Copy nothing from the entries below except the lines from the one containing "Cascanueces. Su diseño" through the one containing "나는 그냥 다들 아는방법대로", and copy those exactly.

## Data records
════════
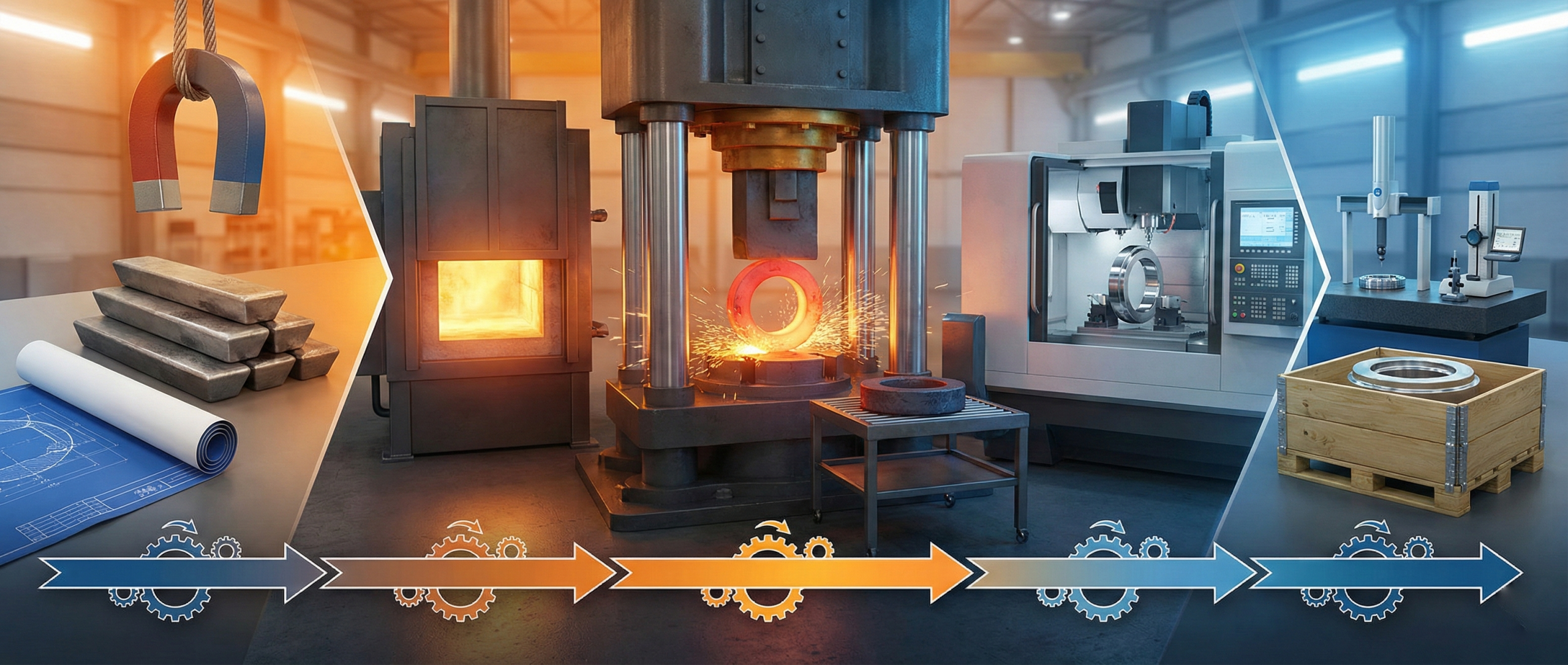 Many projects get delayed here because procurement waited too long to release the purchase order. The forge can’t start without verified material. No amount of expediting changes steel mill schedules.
════════
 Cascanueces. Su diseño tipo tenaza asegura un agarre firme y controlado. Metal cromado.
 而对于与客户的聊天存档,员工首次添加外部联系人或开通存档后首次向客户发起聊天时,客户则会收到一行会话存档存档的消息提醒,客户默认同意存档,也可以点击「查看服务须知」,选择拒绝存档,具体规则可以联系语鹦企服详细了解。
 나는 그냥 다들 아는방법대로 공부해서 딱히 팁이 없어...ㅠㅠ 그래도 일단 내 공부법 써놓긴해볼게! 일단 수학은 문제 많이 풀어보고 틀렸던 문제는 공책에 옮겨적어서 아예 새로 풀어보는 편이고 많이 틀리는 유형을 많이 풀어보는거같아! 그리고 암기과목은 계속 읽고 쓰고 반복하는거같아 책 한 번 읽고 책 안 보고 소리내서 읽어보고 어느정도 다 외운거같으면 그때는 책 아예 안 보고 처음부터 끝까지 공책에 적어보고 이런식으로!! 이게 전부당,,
════════
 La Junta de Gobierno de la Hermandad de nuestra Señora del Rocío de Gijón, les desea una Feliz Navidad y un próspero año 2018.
════════
## Completed task
 Cascanueces. Su diseño tipo tenaza asegura un agarre firme y controlado. Metal cromado.
 而对于与客户的聊天存档,员工首次添加外部联系人或开通存档后首次向客户发起聊天时,客户则会收到一行会话存档存档的消息提醒,客户默认同意存档,也可以点击「查看服务须知」,选择拒绝存档,具体规则可以联系语鹦企服详细了解。
 나는 그냥 다들 아는방법대로 공부해서 딱히 팁이 없어...ㅠㅠ 그래도 일단 내 공부법 써놓긴해볼게! 일단 수학은 문제 많이 풀어보고 틀렸던 문제는 공책에 옮겨적어서 아예 새로 풀어보는 편이고 많이 틀리는 유형을 많이 풀어보는거같아! 그리고 암기과목은 계속 읽고 쓰고 반복하는거같아 책 한 번 읽고 책 안 보고 소리내서 읽어보고 어느정도 다 외운거같으면 그때는 책 아예 안 보고 처음부터 끝까지 공책에 적어보고 이런식으로!! 이게 전부당,,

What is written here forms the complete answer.